About "Can I Crawl?"
This tool attempts to answer the question "can I crawl a website?" from the perspective of the robots.txt file on the website. There are many times that I either created a robots.txt file on one of my sites, or needed to read another site's robots.txt file, and wanted something a little more interactive than just a text file. Some robots.txt files are harder to understand because of sheer size, or invalid / mis-used directives, and I wanted a way to cut to the chase and understand the file's directives at a glance instead of having to stare at it and parse it mentally. Again, it's not that the robots.txt standard is particularly difficult to understand, it's just that the files can be somewhat cumbersome and a more straightforward representation would speed things up.
Bottom line, the tool primarily attempts to enhance quick readability of the robots.txt files via color coding, sectioning, hyperlinking URL's from the file, and helping the user understand the meaning of each directive.
Here is a list of features that this tool provides:
Divides files into sections
Since robots.txt files can contain different directives for different user agents, we divide the files by User-Agent directives into sections.
Color coding for each directive
The different directives in a robots.txt file have different meaning, so we color coded each unique directive to help readers skim for relevant sections.

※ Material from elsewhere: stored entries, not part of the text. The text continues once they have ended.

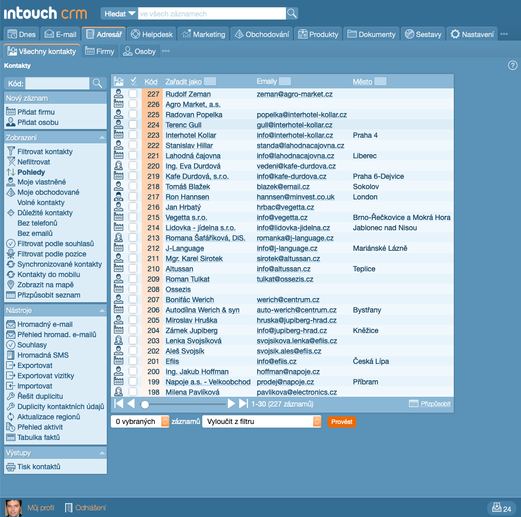 Na obrázku vidíte typický pohled do uživatelského rozhraní InTouch CRM. Níže blíže rozebereme jednotlivé části rozhraní.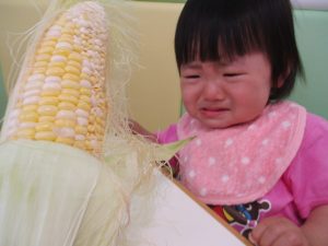 初めてそのままのとうもろこしを見て泣いてしまう子。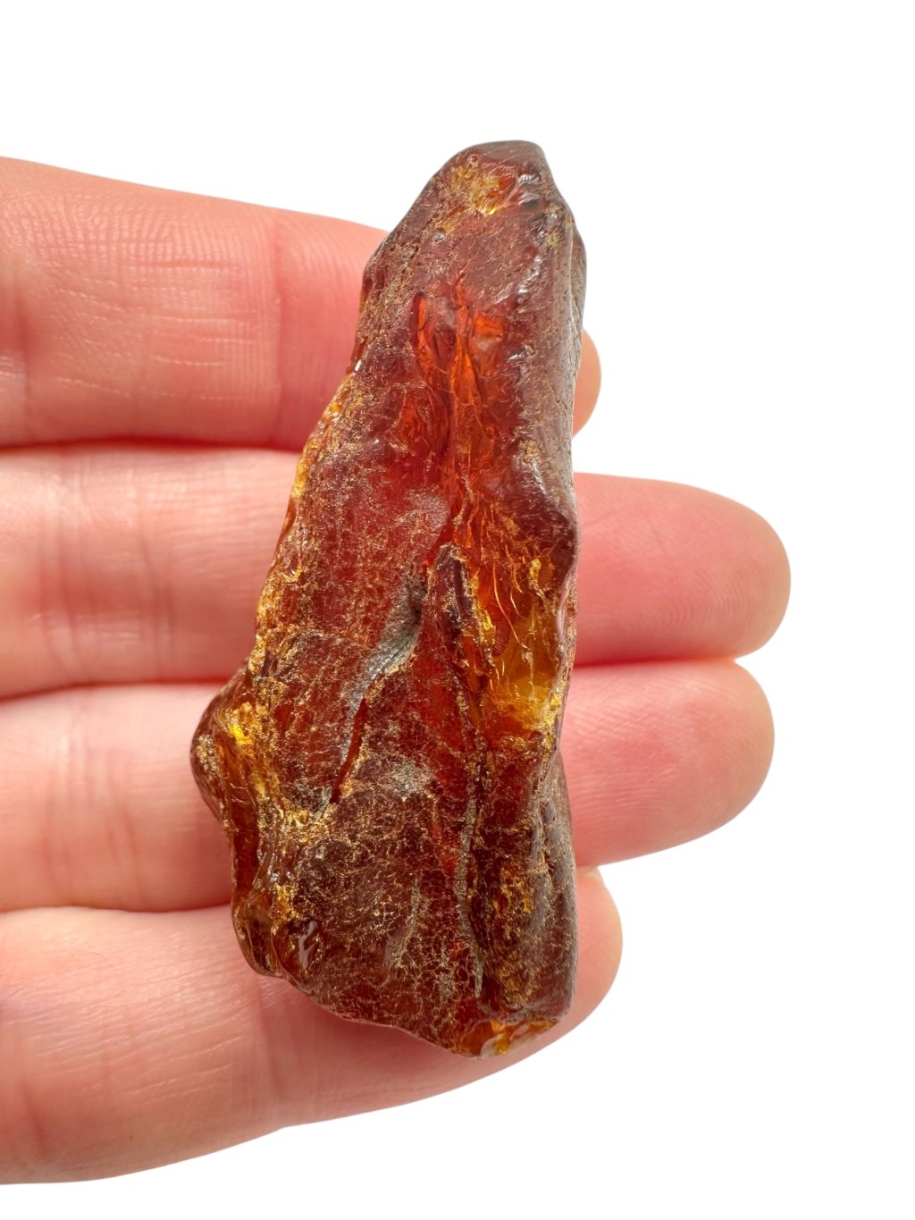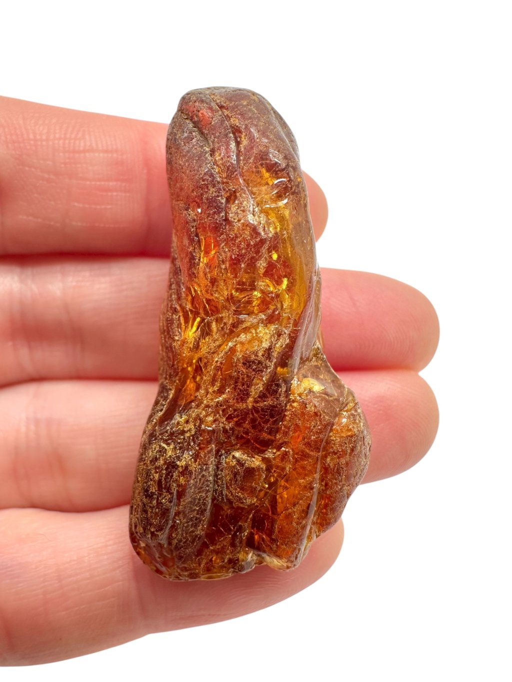 Litauischer Bernstein ist durch seine markante Farbe bekannt, die häufig von hell- bis dunkelgelb reicht und in honigfarbene oder orangefarbene Töne übergeht. Es gibt auch dunklere Varianten – von braun bis nahezu schwarz – sowie seltenere Ausführungen in fast weiß oder grünlich. Aufgrund seines hohen Gehalts an Bernsteinsäure (bis zu etwa 8 %) gilt Baltischer Bernstein im Vergleich zu anderen Typen als hochwertiger. Er enthält oft natürliche Einschlüsse wie Luftblasen, Pflanzenreste oder kleine Insekten, was seinen Sammlerwert und ästhetischen Reiz deutlich steigert.

Each row is parsed and described in plain English - just click / tap a row in the file, and the description will slide into view.
It may seem like a simple feature, but it solves one of the biggest frustrations of reading a robots.txt file. This has saved me quite a few clicks!
Toggle between "Interactive" and "Raw" views
When the tool retrieves the robots.txt file, it displays in "Interactive" view, which contains the above mentioned features. There is also a "Raw" view that users can toggle back to if they prefer plain-text viewing.
One more thing...
Just in case you've made it this far into the site and not read our disclaimer, please take a moment to do this. Not only do we not accept liability for your crawling decisions, we also try to advise you to take other concerns into consideration before crawling a site.